▸ **SOURCE DATA**

* * * * *

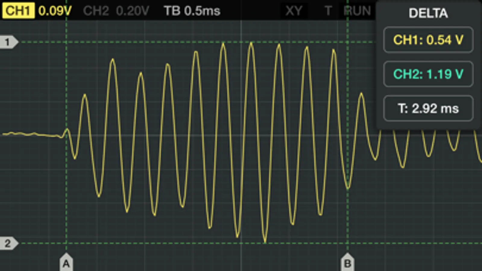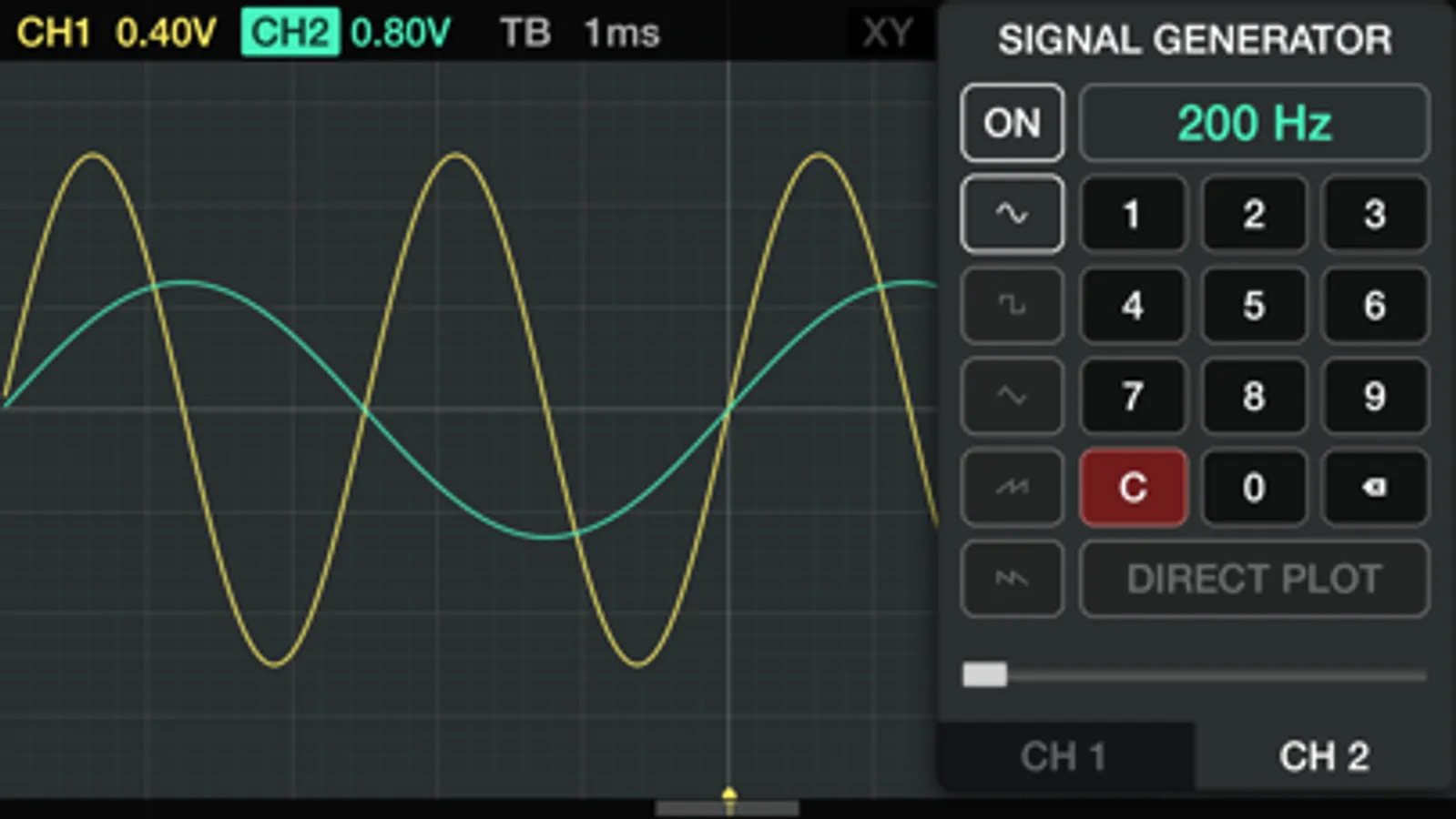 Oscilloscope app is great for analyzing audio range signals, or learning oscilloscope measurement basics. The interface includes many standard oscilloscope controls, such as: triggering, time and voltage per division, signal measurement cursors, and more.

* * * * *

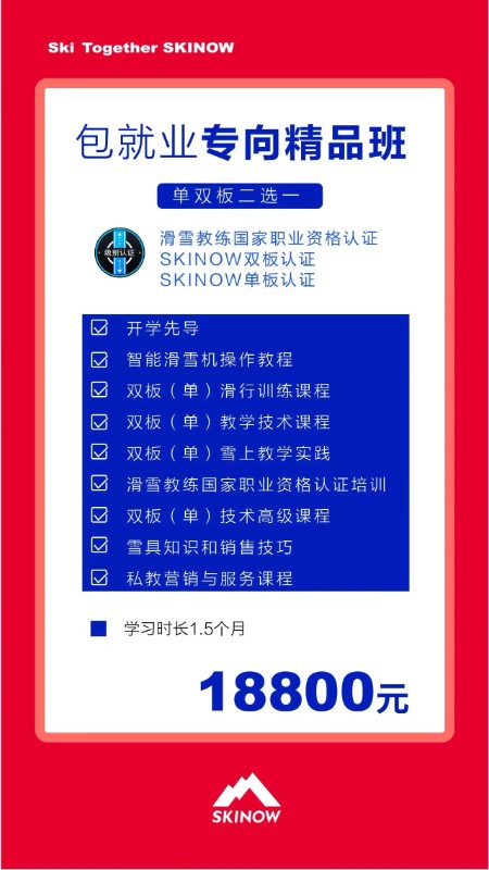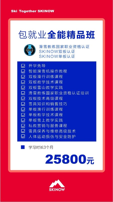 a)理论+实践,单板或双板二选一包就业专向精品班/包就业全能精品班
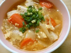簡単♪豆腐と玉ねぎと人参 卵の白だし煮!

* * * * *

▸ **TASK DETAILS**
Work from the entries above. Set down exactly and only the lines from the line with "a)理论+实践,单板或双板二选一包就业专向精品班/包就业全能精品班" to the line with "簡単♪豆腐と玉ねぎと人参 卵の白だし煮!", both included, and leave the pictures out.

▸ **COMPLETED EXERCISE**
 a)理论+实践,单板或双板二选一包就业专向精品班/包就业全能精品班
簡単♪豆腐と玉ねぎと人参 卵の白だし煮!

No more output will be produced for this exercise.